What to do: Everything in the listing below should be repeated verbatim, apart from the pictures.

*** The records Section Begins ***

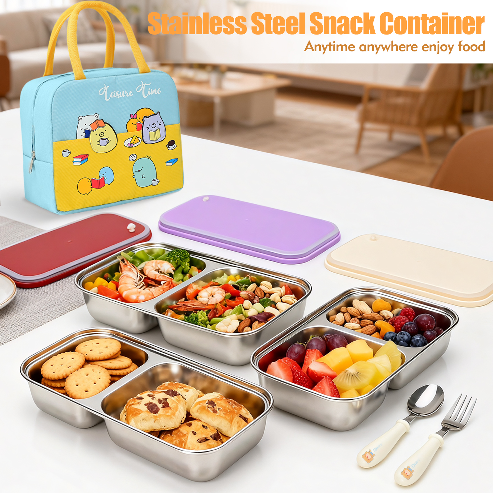 - Premium Material: This small snack container is made of food-grade 304 stainless steel, these food containers are shatterproof and reusable, replace disposable plastic boxes and reduce environmental pollution. which is odorless,non-toxic,safe,durable, safe for long-term use, they won’t leach harmful chemicals, take care of the health of you and your family
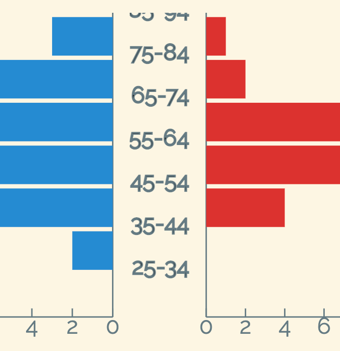 I’m writing a population pyramid using d3 + react. I’m using d3 for calculations and react for DOM rendering. Everything is working out pretty great, except for positioning the y-axis labels. Ideally, the first label would be positioned either along the axis, or center aligned in the bandwidth for that range. Or put another way, center-aligned around the same meridian as its respective bar.
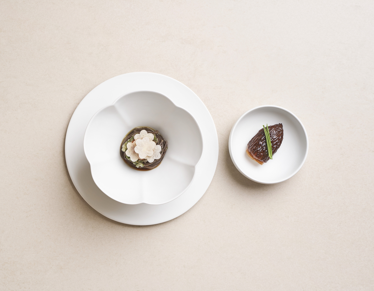 The journey begins with a chilled tomato dongchimi broth and a trio of refined snacks, before moving through courses that capture Chef Han’s personal history. Memilmyeon & Mandu reimagines comfort food with cold buckwheat noodles in white kimchi dressing, paired with a grilled morel dumpling filled with “duckgalbi” (duck meat patty). Nobchi, featuring five-day dry-aged turbot, celebrates Chef Han’s love for fish through a delicate crust and spicy maeuntang butter. The Iberico Ribeye, brined and glazed with galbi sauce, is rich and resonant, recalling the familiar scent of home barbecues. To close, the Daechu dessert transforms the humble jujube into an elegant confection of charcoal tuille, date pastry cream, truffle espuma, and white chocolate ice cream. Rooted in Korean heritage yet refined through a modern lens, NAE:UM captures the essence of who Chef Han is today: Contemplative, generous, and attuned to the art of memory.
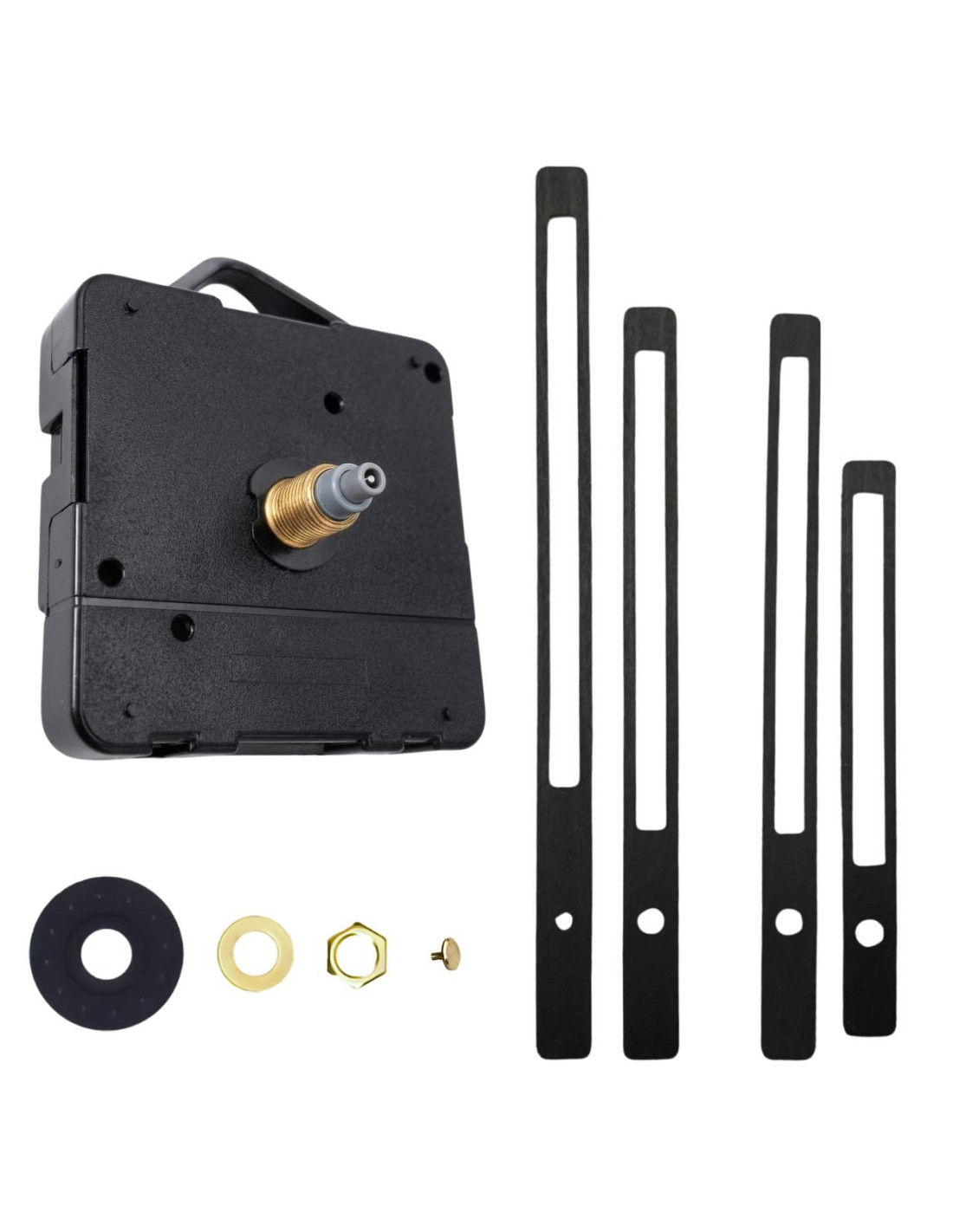 - Obsah sady: gumová podložka, kovová podložka, středová matice, zaslepovací matice, QUARTZ strojek, hodinová a minutová ručička
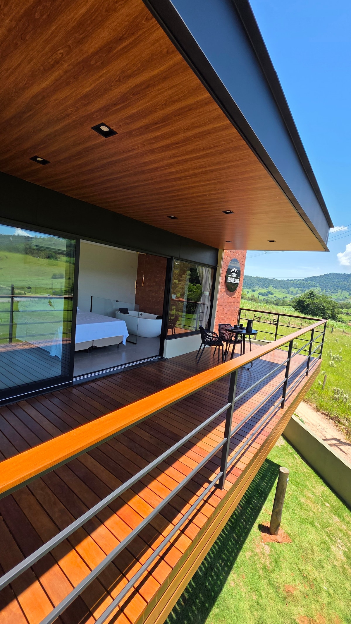 Aqui o despertador é o canto dos pássaros, a luz do amanhecer invade a suíte pela janela panorâmica e a serra do Itaqueri aparece diante de você como um quadro vivo, mudando de cor ao longo do dia. A Cabana foi pensada para casais que querem sair da rotina sem abrir mão do conforto. Durante o dia, silêncio, natureza e vista aberta para respirar fundo. À noite, clima intimista: filme no telão, iluminação aconchegante e uma jacuzzi interna perfeita para relaxar.
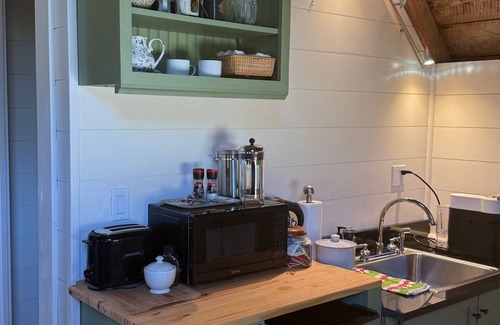 in addition to the main house, shed peaks offers a peaceful, detached bedroom just 50 feet from the home near the garden This cozy hideaway has a queen bed, electricity, a small entry porch, and a deck. While it has no bathroom or running water, the breezes and privacy make it a favorite for guests who enjoy a quiet escape.
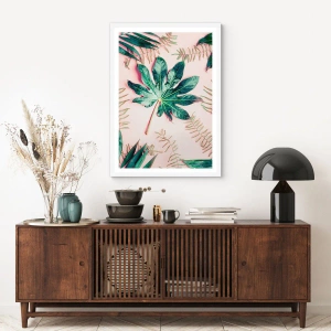 Affiche dans un cadre blanc - Poster - Étude de verdure sur fond rose - 91x61 cm
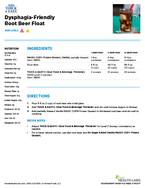 Enjoy a calorie- and calcium-rich dessert packed with flavor! Our Root Beer Float recipe uses Thick & Easy® Clear Food and Beverage Thickener and Magic Cup® Frozen Desserts with variations that meet IDDSI Level 2 (nectar) or 3 (honey) consistencies.
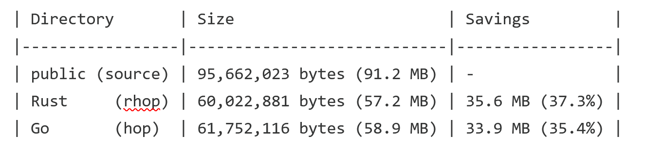 Beside that, the “rules list” command did not work, it listed all Edge rules of the project not only redirects, where the Go version would only print redirect rules (as intended). Minify did not work. The minify command in Rhop did not copy files it could not minify but ignored them. Second, when minify had an error with a JS file or CSS file, because it could not parse it, Rhop did not copy the file but also ignored it. The Go version creates a responsive srcset of WEBP files from one PNG, Rhop only converts one PNG to one WEBP file - forgetting the responsiveness functionality.

*** The records Section Ends ***

Written answer:
 - Premium Material: This small snack container is made of food-grade 304 stainless steel, these food containers are shatterproof and reusable, replace disposable plastic boxes and reduce environmental pollution. which is odorless,non-toxic,safe,durable, safe for long-term use, they won’t leach harmful chemicals, take care of the health of you and your family
 I’m writing a population pyramid using d3 + react. I’m using d3 for calculations and react for DOM rendering. Everything is working out pretty great, except for positioning the y-axis labels. Ideally, the first label would be positioned either along the axis, or center aligned in the bandwidth for that range. Or put another way, center-aligned around the same meridian as its respective bar.
 The journey begins with a chilled tomato dongchimi broth and a trio of refined snacks, before moving through courses that capture Chef Han’s personal history. Memilmyeon & Mandu reimagines comfort food with cold buckwheat noodles in white kimchi dressing, paired with a grilled morel dumpling filled with “duckgalbi” (duck meat patty). Nobchi, featuring five-day dry-aged turbot, celebrates Chef Han’s love for fish through a delicate crust and spicy maeuntang butter. The Iberico Ribeye, brined and glazed with galbi sauce, is rich and resonant, recalling the familiar scent of home barbecues. To close, the Daechu dessert transforms the humble jujube into an elegant confection of charcoal tuille, date pastry cream, truffle espuma, and white chocolate ice cream. Rooted in Korean heritage yet refined through a modern lens, NAE:UM captures the essence of who Chef Han is today: Contemplative, generous, and attuned to the art of memory.
 - Obsah sady: gumová podložka, kovová podložka, středová matice, zaslepovací matice, QUARTZ strojek, hodinová a minutová ručička
 Aqui o despertador é o canto dos pássaros, a luz do amanhecer invade a suíte pela janela panorâmica e a serra do Itaqueri aparece diante de você como um quadro vivo, mudando de cor ao longo do dia. A Cabana foi pensada para casais que querem sair da rotina sem abrir mão do conforto. Durante o dia, silêncio, natureza e vista aberta para respirar fundo. À noite, clima intimista: filme no telão, iluminação aconchegante e uma jacuzzi interna perfeita para relaxar.
 in addition to the main house, shed peaks offers a peaceful, detached bedroom just 50 feet from the home near the garden This cozy hideaway has a queen bed, electricity, a small entry porch, and a deck. While it has no bathroom or running water, the breezes and privacy make it a favorite for guests who enjoy a quiet escape.
 Affiche dans un cadre blanc - Poster - Étude de verdure sur fond rose - 91x61 cm
 Enjoy a calorie- and calcium-rich dessert packed with flavor! Our Root Beer Float recipe uses Thick & Easy® Clear Food and Beverage Thickener and Magic Cup® Frozen Desserts with variations that meet IDDSI Level 2 (nectar) or 3 (honey) consistencies.
 Beside that, the “rules list” command did not work, it listed all Edge rules of the project not only redirects, where the Go version would only print redirect rules (as intended). Minify did not work. The minify command in Rhop did not copy files it could not minify but ignored them. Second, when minify had an error with a JS file or CSS file, because it could not parse it, Rhop did not copy the file but also ignored it. The Go version creates a responsive srcset of WEBP files from one PNG, Rhop only converts one PNG to one WEBP file - forgetting the responsiveness functionality.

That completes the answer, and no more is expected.